Me: I just feel really sad and helpless. It’s like nothing I do can make things better.
Brain: Have you tried eating an entire sheet of brownies about it?
Me: What?
Brain: Eat brownies about it.
Me: [Pre-heating the oven] makes sense.
“This just in..”
My foot to my mouth.
Should I ever go missing, please don’t let the news use my 7th grade picture.
[Arby’s]
BRO [jumping into car]: GO
ME: it’s lunch, not a bank heist
B: they put EXTRA CURLY FRIES in the bag
M: OMG I’m too pretty for jail
Just warning the studios that if we don’t start making shows, they’re not gonna have anything to reboot in 8-12 years.
Babies are like Starbucks because they’re expensive as shit and yet you still forget them on the roof of your car
German shepherd? I think we adopted a kangaroo.
It’s so cute how my kids think I’m going to go look for them after I finish counting to ten.
[Verizon]
SALESMAN: Can I interest you in our friends and family plan?
BATMAN: [just starts crying]
Him at 1am: Wanna come over?
Me: Sure thing, sexy
-Cut to me crawling out of his TV like that girl in The Ring
I’ve been in Hawaii for a week & have learned that 99% of life’s problems can be solved by throwing a coconut at it
my 9yo: does your friend Scott know that he could just spell his name with one t and it would sound exactly the same?

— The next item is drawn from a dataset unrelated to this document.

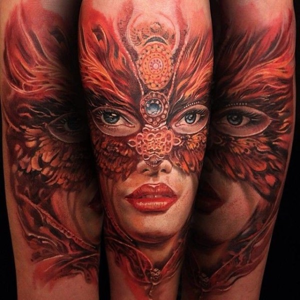 手臂新风格的彩色面具女人纹身图案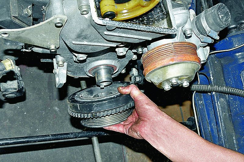 Снимаем брызговик двигателя, ремень привода навесных агрегатов, датчик синхронизации, электровентилятор радиатора (см. соответствующие разделы).

JUDGE: Where’s your lawyer?
ME: I don’t have one.
JUDGE: So are you defending yourself?
ME: Is that an option?
JUDGE: Yes.
ME: Okay *swings at bailiff who ducks and tases me immediately*
ACCOUNTANT: *taking a look at my books* These are just winky-face emojis.
ME: Yep.
ACCOUNTANT: I think I know why your business is failing.
Don’t work for at least an hour after lunch or you’ll get cramps.
My sons kidnappers: if u ever want to see your son alive, press 1. Para Español marque dos
Me: ugh i just want to speak to a real person
Guy: I hate my spouse.
Friend: You gotta end it.
Guy: I also hate myself.
Friend: You gotta en… learn to love yourself!
Guys I have to work a total of like 18 hours today. Someone hold me. Under water.
I need one of those carefree rich friends every woman has in a romance novel who is like “why don’t you stay at my mansion on the beach til this blows over, the bathtubs are legally swimming pools and the garden is magic.”
My roommate in college asked me to listen in on a call with her boyfriend so that I could give her my “professional” roommate opinion but I got hungry and started eating potato chips which made her spend the bulk of the call trying to convince him no one was on the other line.
*Pops up out of your shower drain.
You really should look into a home security system. Let me tell you why ADT is right for you.
My toddler just called the cheese he’s eating “medicine for my belly”.
Even kids understand the healing powers of cheese.
Replying to peoples selfies with the phone number to a dermatologist is not OK.
I’ll stop now.
It’s funny how your tweets are funnier now that I know you’re hot.
-everyone on Twitter
My ambition is to be the last man on earth so that I can find out if all those girls were telling the truth.
There’s going to be a full moon this Christmas!
Because mixing family and alcohol together wasn’t enough…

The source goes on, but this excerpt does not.